A Blackrock startup backed by Ryanair's ex-deputy chief is going under
Unravel Analytics has been put into liquidation after running out of time to raise enough cash.
BLACKROCK STARTUP UNRAVEL Analytics – which counted Ryanair’s former deputy chief among its backers – is being wound up after failing to raise €1 million from investors.
The company, set up in 2013 by another former Ryanair staffer, Santina Doherty, and Donal Troddyn, started out building testing tools to help e-commerce sites fix broken tracking systems and increase their sales.
In mid-2016 it was named runner-up for Phocuswright’s ‘European travel innovator award’ and it attracted €725,000 in investment from Tribal VC, Enterprise Ireland and private backers including Fáilte Ireland chairman and ex-Ryanair deputy CEO Michael Cawley.
However the business was put into voluntary liquidation last week after being unable to get the “customer traction” it needed to attract enough funding and hit its target market, according to CEO Doherty.
“We had some unanticipated delays on the sales side, we were too optimistic and we left ourselves short of the runway we would need to make the software enterprise-ready,” she told Fora.
The most recent publicly available accounts for the company, covering the period to the end of 2016, said it lost nearly €380,000 that year after a smaller loss in 2015.

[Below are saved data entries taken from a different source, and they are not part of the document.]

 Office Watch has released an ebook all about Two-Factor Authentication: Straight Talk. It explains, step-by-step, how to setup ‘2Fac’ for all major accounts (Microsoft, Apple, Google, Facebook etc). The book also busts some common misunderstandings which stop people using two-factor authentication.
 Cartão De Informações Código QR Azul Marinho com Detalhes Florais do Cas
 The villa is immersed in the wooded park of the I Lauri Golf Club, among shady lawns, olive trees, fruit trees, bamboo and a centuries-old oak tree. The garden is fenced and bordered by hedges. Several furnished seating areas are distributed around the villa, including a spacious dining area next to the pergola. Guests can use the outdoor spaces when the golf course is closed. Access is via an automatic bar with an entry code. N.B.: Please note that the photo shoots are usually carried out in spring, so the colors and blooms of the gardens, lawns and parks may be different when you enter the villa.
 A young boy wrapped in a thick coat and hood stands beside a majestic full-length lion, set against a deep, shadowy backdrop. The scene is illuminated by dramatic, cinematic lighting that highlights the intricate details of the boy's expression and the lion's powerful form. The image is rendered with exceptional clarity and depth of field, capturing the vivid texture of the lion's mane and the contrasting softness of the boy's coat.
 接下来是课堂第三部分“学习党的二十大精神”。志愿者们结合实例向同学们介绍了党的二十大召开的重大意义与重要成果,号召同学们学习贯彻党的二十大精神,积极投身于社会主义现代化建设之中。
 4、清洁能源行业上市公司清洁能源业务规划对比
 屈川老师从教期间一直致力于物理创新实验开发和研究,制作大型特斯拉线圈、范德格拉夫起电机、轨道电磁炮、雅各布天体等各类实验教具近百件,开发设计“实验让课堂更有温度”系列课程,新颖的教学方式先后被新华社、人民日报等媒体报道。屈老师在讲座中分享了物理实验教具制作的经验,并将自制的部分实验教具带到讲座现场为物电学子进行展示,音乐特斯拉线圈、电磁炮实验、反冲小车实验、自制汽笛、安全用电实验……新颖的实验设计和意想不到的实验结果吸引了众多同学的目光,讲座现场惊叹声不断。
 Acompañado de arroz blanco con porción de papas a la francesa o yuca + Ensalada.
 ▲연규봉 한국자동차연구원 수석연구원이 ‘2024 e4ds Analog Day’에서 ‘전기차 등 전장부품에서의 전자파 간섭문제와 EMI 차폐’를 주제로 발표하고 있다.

Doherty said the business lost a similar amount in 2017, which accounted for all the funding the startup had raised from investors.
The business went through a ‘pivot’ early last year after getting feedback from its customers that they needed a more flexible testing system.
Based on those conversations, the company started to develop machine learning-powered software that would enable firms to test their own web applications much more efficiently.
“We were trying to raise €300,000 in early 2017, but we changed that to €1 million because we had a more ambitious plan,” Doherty said.
“The feedback was that it was a large market opportunity we were addressing. We were very much building new technology that few had really succeed in doing.”
However Doherty said the plan fell down to a “lack of experience” about how long the process of seeking a larger funding round would take.
“We were going to try to bring on that first customer beyond Beta by September or October, but by the time we got to October we realised we were still behind and we probably weren’t going to be ready by January-February. We had run ourselves too short at that stage.”
Lessons
Doherty said the decision to wind up the company was “pretty tough” because she and Troddyn had “given everything to it” by that stage, including investing around €50,000 of their own money.
“When you consider salary forfeit, zero pensions, being the lowest-paid people in the company … I think it would be a bit too scary to add it all up,” she said, adding that it was hoped investors would get some money back from a sale of the company’s intellectual property.
Nevertheless, Doherty said she and Troddyn would “dust ourselves off and try again” and that they would build a stronger business based on lessons from Unravel Analytics’ failure.
“I did so many things that I wouldn’t do a second time around,” she said. ”I would get to market as quickly as possible and get that invaluable user feedback and traction and iterate where iteration is needed.
“You really have to put your software in the hands of your target users as quickly as possible – whether you do it for free or on a pilot basis.
“We were building for scale and what we thought users wanted, but by the time we were sharing the software with users we discovered we didn’t need to do steps two, three and four – we could’ve gone straight to five.
“We also built out our team before we had revenue – it was the same issue, we were building for scale before we had it. I can really see why investors favour founders that have a failure behind them, because you’ve made all the mistakes that will cost you.”